Если это так, то любовь человека к идеальному я совершенному бытию, предчувствуемая разумом, есть уже ощущение действительного единства с этим идеалом. Это — желание более интимного участия в его бытии и в его совершенстве. Это — само совершенство, поскольку оно привлекает нас к себе. Безкорыстная любовь — преданность или жертва собой ради идеальных целей, эта вечная женственность, как назвал ее Гете, есть божественная сила, нисходящая к нам и увлекающая нас вслед за собою на высоты:
Das Ewig Weibliche
Zieht uns hinan.
Таким образом, для того, кто ищет скрытый источник веры, источник этот открывается в идее и чувстве долга, как чего то священного. Для того, кто глубже проникает в идею прогресса, как объекта веры, идея эта подразумевает признание идеального и бесконечного бытия. И любовь к этому идеалу есть в сущности чувство родства с ним, начало участия в его бытии.
Но говоря это, не утверждаем ли мы тем самым, что корни человеческой жизни, как таковой, питаются религией?

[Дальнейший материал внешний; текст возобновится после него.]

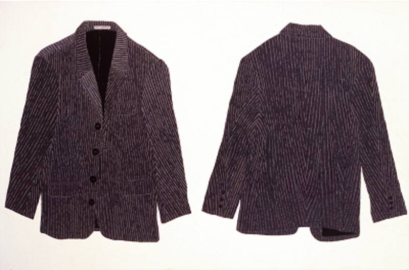 La forma en que el bordado produce apariencias en la superficie, sugirió al artista una variedad de analogías con el vestido. Acá la obra Saco, 1996-99. 115 x 175 cm.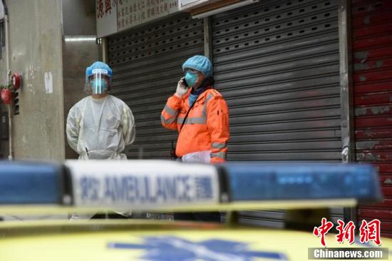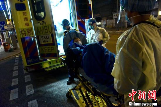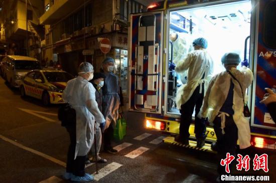1月10日,香港红磡颐和园护老中心有职员初步确诊,部分职员及院友须送检。傍晚时分,身穿防护衣物人员协助护老中心职员及院友送检。图为身穿防护衣物人员现场协助撤离。 中新社记者 李志华 摄
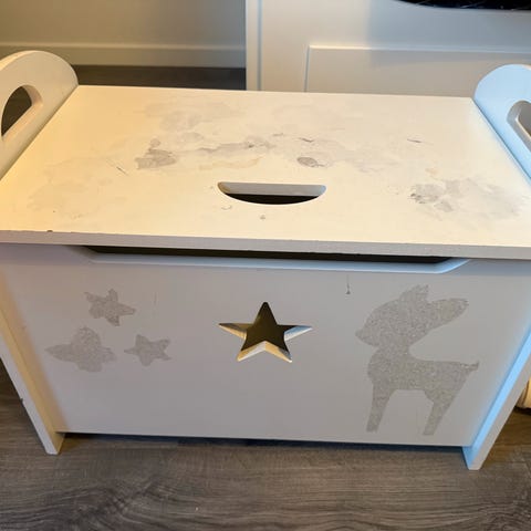 Ny benk med oppbevaring fra H&M home, fortsatt i pakken. Mørk grå.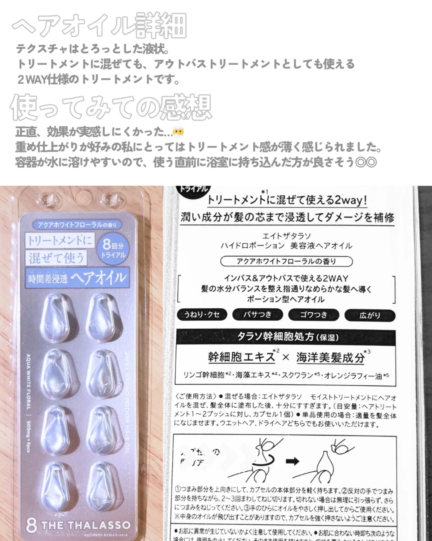 エイトザタラソは猫っ毛に向いていると聞いていたので頂けて嬉しかったです。そして噂通り、猫っ毛の私には良かったです✌ こういうものって大体匂いが本当にキンモクセイか…?って思うことがあるのですがこれはかなりキンモクセイの香りそのまんまです 個人的にはヘアオイルが一番感動しました🙆 付けはじめはしっとりしますが次の日には保湿はされつつもサラサラで猫っ毛には重たくならずツヤ髪に…!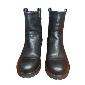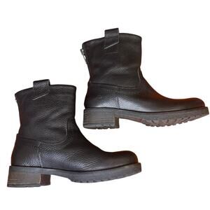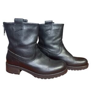 Bullboxer “Molly” black leather ankle boots with zip-back detail. These stylish and rugged boots feature a genuine leather upper, block heel, and a durable lug sole — perfect for edgy everyday wear. Made in Portugal with high-quality craftsmanship.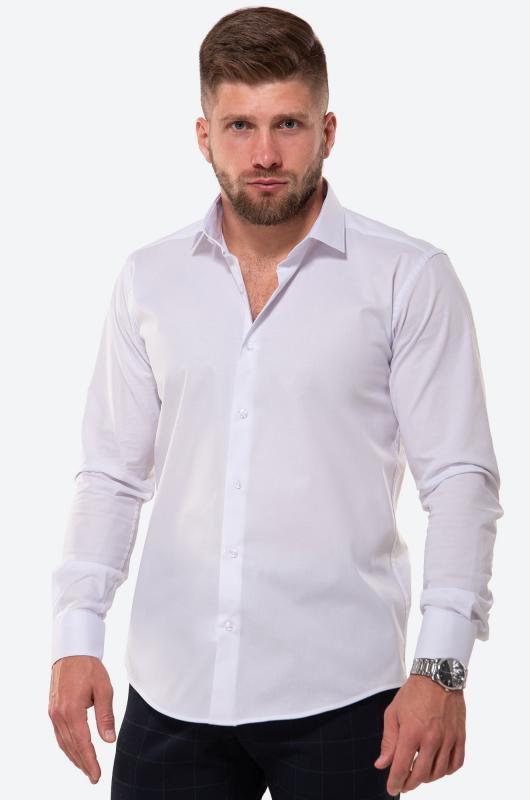 Мужская рубашка – это универсальный элемент гардероба, идеальное дополнение к любому образу. Белая сорочка выполнена из хлопковой ткани поплин, тонкого и легкого полотна. Модель приталенного кроя, создаёт собранный классический образ. Крой выверен до мелочей — идеальная длина позволяет носить рубашку в заправленном виде и на выпуск, линия плеч идеально сядет, не сковывая движения.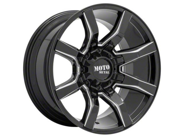 Moto Metal Spider Gloss Black Milled 6-Lug Wheel; 20x10; -18mm Offset offers a sleek and modern design that enhances the visual appeal of any vehicle. Crafted with attention to detail, this wheel merges aesthetic elegance with a robust build, making it a fitting choice for those seeking a blend of style and durability.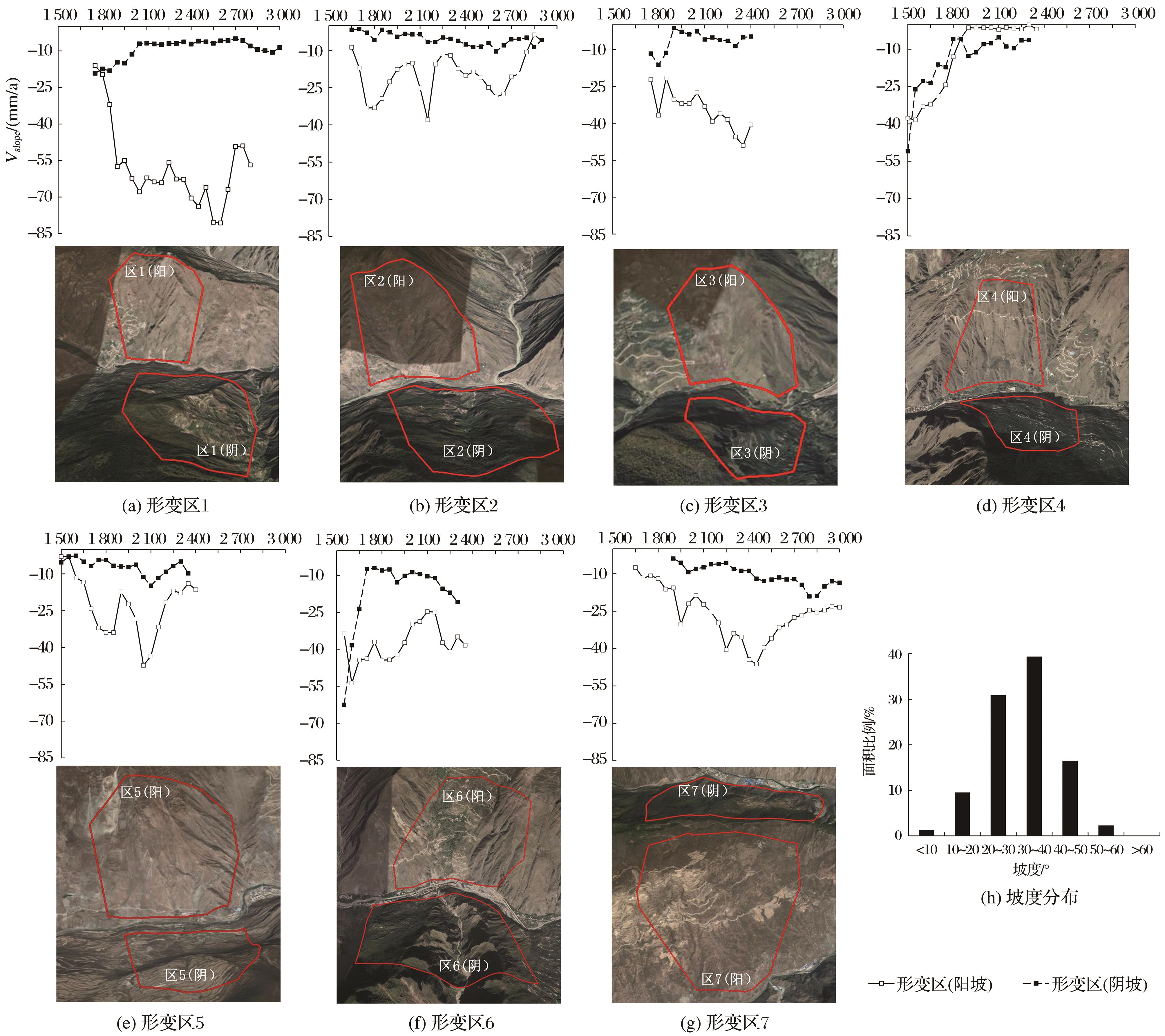 | 图7 典型形变区沉降-高程分布及谷歌影像截图和所有形变点的坡度分布 |

Доискиваться творческого принципа жизни нет прямой необходимости. Можно жить одним инстинктом, или рутиной, или подражанием; быть может, можно жить абстрактным рассудком и наукой. Религия дарует человеку жизнь более богатую и более глубокую, чем чисто стихийное и даже чисто интеллектуальное существование; это своего рода синтез или, скорее, интимное и духовное единство инстинкта и интеллекта: слившись вместе и тем самым преобразовавшись и достигши высшего напряжения, оба они приобретают такую полноту бытия и такую творческую мощь, какие не доступны им, когда они действуют изолированно.
II
Р Е Л И Г И Я
Несомненно, многие склонны будут оспаривать, что религия действительно занимает в человеческой жизни то место, которое мы ей здесь отводим. Еще вчера, скажут они, можно было помириться с тем, что религия работает на пользу человеческого прогресса, так как тогда с ней была более или менее тесно связана мораль. Но эта связь явилась случайным и преходящим фактом. Исторически религия и мораль зародились и развивались независимо друг от друга. И как раз успехи морали вынудили религию приспособиться к ней и усвоить ее себе. Первоначально независимые одна от другой, они в настоящее время снова разделяются; и отныне, когда мораль эмансипировалась, сделалась самостоятельной подобно всем другим наукам, ее одной достаточно для того, чтобы руководить человечеством.